No wonder they’re called stars

MIRAMICHI, N.B. — Highland Transport Driver Terry Smith – recognized in 2006 as Canada’s highwaySTAR of the year -proved recently that the chivalry for which truck drivers have been known throughout the ages is nowhere near dead.

It’s alive and double-clutching.

On July 21, a 74-year-old Hammond, Me., woman named Joyce Goodwin was trying to drive to her daughter’s house in Bangor and lost her way.

It was late, it was dark, and, she reported afterwards, she was “confused and scared.”

“I knew I was vulnerable,” she recalled. “I drove around and around for over an hour getting more lost and upset by the minute.

Finally, she stopped across the road from a truck stop and broke down sobbing.

Smith, a Miramichi-based owner-operator, was just about to pull out on to the highway but stopped near the cardlock to clean his windows.

“If it had not been for this,” he said later, “Joyce and I would never have crossed paths.”

“I looked across the street and saw an elderly lady trying to flag down the oncoming traffic,” Smith said.

“This is a very busy street. Nobody was stopping for her, and my immediate thoughts were that this lady is going to get run over by a speeding car. I then said to myself that I have to go help her.”

Terry Smith: “Proud to help somebody who thought so highly of truckers.”

“I approached her and said ‘My name is Terry Smith, I am from Canada, I am driving that big truck parked across the street.’ She then gave me a big hug and said ‘My name is Joyce and I am lost.'”

He instructed her to sit in her own passenger seat until he could go park his truck in a safe place. Smith then returned, got into Goodwin’s driver’s seat and took the car across the highway to Dysart’s.

First they phoned her home. There was no answer. Then they called the police. A cruiser showed up in about 20 minutes. They called home again, and the husband picked up the receiver. Shortly afterwards her husband arrived in his car, she calmed down, returned to her own vehicle and followed her husband home.

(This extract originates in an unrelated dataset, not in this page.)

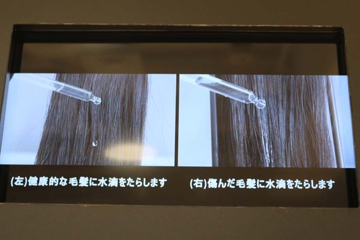 会場には、健康な髪と傷んだ髪の違いを目で見て実感できる展示が用意されていた。「Dyson Supersonic」を使用して、髪に過剰な熱を与えずにすばやく乾かすことのメリットを、目で見て実感することができた。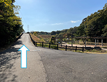 橋を渡りきったところで右方向に進みます。ここからしばらく上り坂になります。

Several times during the wait, Goodwin suggested that she must have been delaying Smith, but he insisted on staying until the crisis passed and she was on her way home.

“You told me” she said in a thank-you letter to Smith afterwards, “stories of your wife and of Canada. You even made me smile!

“I will never forget your kindness and the relief I felt when I knew I was safe with you,” she said. “My husband always told me that if I was in trouble I could trust a truck driver.”

Recalled Smith: “It made me very proud to have helped someone in distress who thought so highly of truckers.”

Now, coincidentally, the search for the 2008 highwaySTAR of the year is under way.

Newcom Business Media, publisher of highwaySTAR and Today’s Trucking magazines, regularly recognizes a driver who embodies the term professional.

The winner receives fabulous prizes, including $10,000 in cash; an Espar heating system; a road-ready trucker friendly laptop from the Owner-Operators’ Business Association, a special-edition leather highwaySTAR jacket with the winner’s name on it, and travel and accommodation for two to Toronto for the Truck World 2008, in April.

Furthermore, if you nominate the winner, you win $250 in cash. Deadline for entries is Mar. 1, 2008. For more information, write “highwaySTAR of the Year” 451 Attwell Drive, Toronto, ON, M9W 5C4, or click on the website below.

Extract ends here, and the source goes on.